Hello everyone, was just curious to know whether or not the water level inside my filter is normal or is it suppose to be literally right to the rim of the canister. This is my first time ever having a canister filter for a new tank I had just bought, so I figured I might have asked on here.

Thanks


----------



## snyderguy (Feb 9, 2010)

Never dealt with this canister filter but it seems pretty normal to me. It's not leaking out or anything is it?


----------



## Freshy88 (Apr 11, 2012)

snyderguy said:


> Never dealt with this canister filter but it seems pretty normal to me. It's not leaking out or anything is it?

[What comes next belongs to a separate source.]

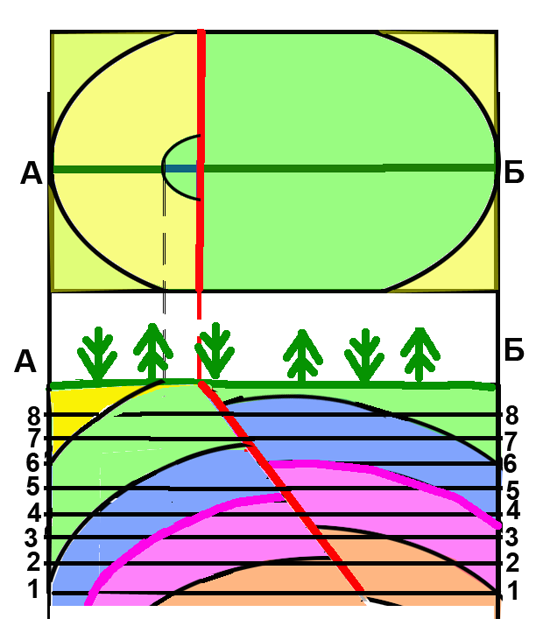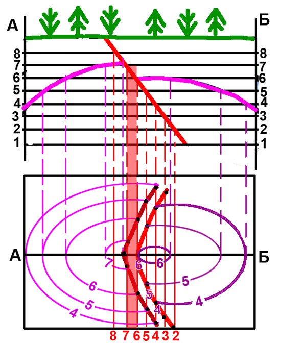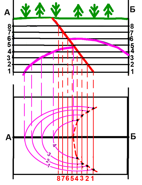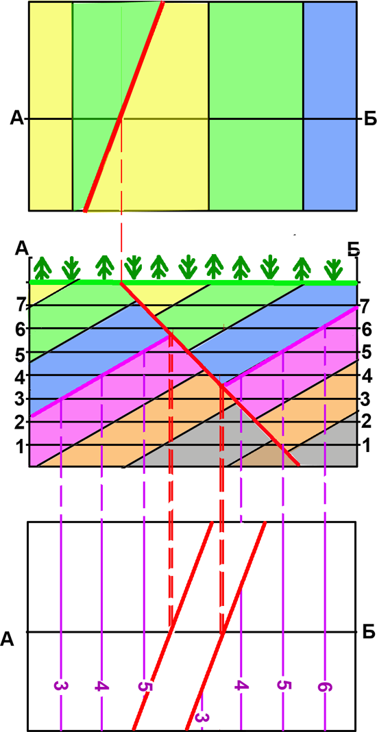 Цифры на разрезе показывают условные высоты, а раскраска – условно различные слои. Это могут быть любые другие цифры и слои – литологические пачки или стратиграфические подразделения. Для определенности будем условно полагать, что это толщи, соответствующие стратиграфическим подразделениям данной раскраски – карбон, пермь, юра, мел и палеоген. Сверху изображаем рамку будущей геологической карты и обозначаем линию разреза (АБ). Проецируем на эту линию выход разлома и геологических границ. То, что простирание разреза перпендикулярно линии разреза и простиранию складки – условность, по разрезу мы это определить не можем. Мы взяли именно этот случай произвольно, а могли бы взять любой другой. Через точку, соответствующую границе, выходящей на дневную поверхность (в нашем примере кровли юры) проводим часть овала, соответствующего очертаниям брахискладки, срезаемого разломом. Так как на поверхности у нас больше не выходит никаких других границ, условно изображаем фрагменты овала, срезаемого границами карты. Для построения структурной карты выбираем структурную поверхность. Например, это кровля триаса (показано сиреневым цветом на разрезе). Дальнейшие построения структурной карты касаются только этой поверхности. Рисуем рамку будущей карты и линию разреза на ней. Затем сносим на эту линию разреза точки пересечения разлома и высотных отметок и проводим серию линий, перпендикулярных линии разреза. Получается структурная карта разлома – наклонной плоскости. Естественно, что стратоизогипсы должны идти в том же направлении, что и геологическая граница (в нашем случае – в меридиональном направлении) (рис. 3.24).

No its not leaking at all. I have also lifted up the return tube to see what the pressure was like and it was very strong. Im just worried cause I wouldnt want the motor to get damaged. 

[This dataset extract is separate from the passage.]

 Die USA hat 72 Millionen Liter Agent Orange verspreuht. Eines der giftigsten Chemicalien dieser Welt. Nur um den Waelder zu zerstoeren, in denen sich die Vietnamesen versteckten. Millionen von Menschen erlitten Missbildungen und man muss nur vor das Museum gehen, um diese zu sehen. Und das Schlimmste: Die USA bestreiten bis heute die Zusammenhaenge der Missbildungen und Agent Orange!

I just wanted know if it looked normal or not. Thanks.


----------



## lohachata (Jan 27, 2006)

the XP filters are pretty good..and yes ; it is normal for them to be filled right to the top...one of my best ever filter deals was an XP4 in perfect condition that i got at a fish auction for $4.00...


----------



## bmlbytes (Aug 1, 2009)

On my canister filter, they recommended getting all the air out of it (no splash noise that way). Canister filters are sealed with gaskets for a reason.


----------



## AquariumTech (Oct 12, 2010)

Its normal, it actually has to be that way for the XPs to work. Its a decent canister, I wouldnt worry about it unless its making noise.


----------



## austinroberts23 (Jan 25, 2012)

I agree. I run these on my tanks and it looks the same. That grey piece is actually where the water moves in and out so it doesn't need to fill to the rim


----------



## Freshy88 (Apr 11, 2012)

Alright thanks alot, I'll just keep a close eye on it for the meantime. Their are still some tiny air bubbles stuck inside the canister but will maybe try and prime it again today and see what happens.


----------



## AquariumTech (Oct 12, 2010)

Freshy88 said:


> Alright thanks alot, I'll just keep a close eye on it for the meantime. Their are still some tiny air bubbles stuck inside the canister but will maybe try and prime it again today and see what happens.


Well after a canister is setup for the first time (or at least the first time in a while) it can take weeks to get all the little air bubbles out. It can be from everything to the media, tubing (especially if its ribbed), and etc. Like I said I wouldnt worry about it unless it starts making noise.


----------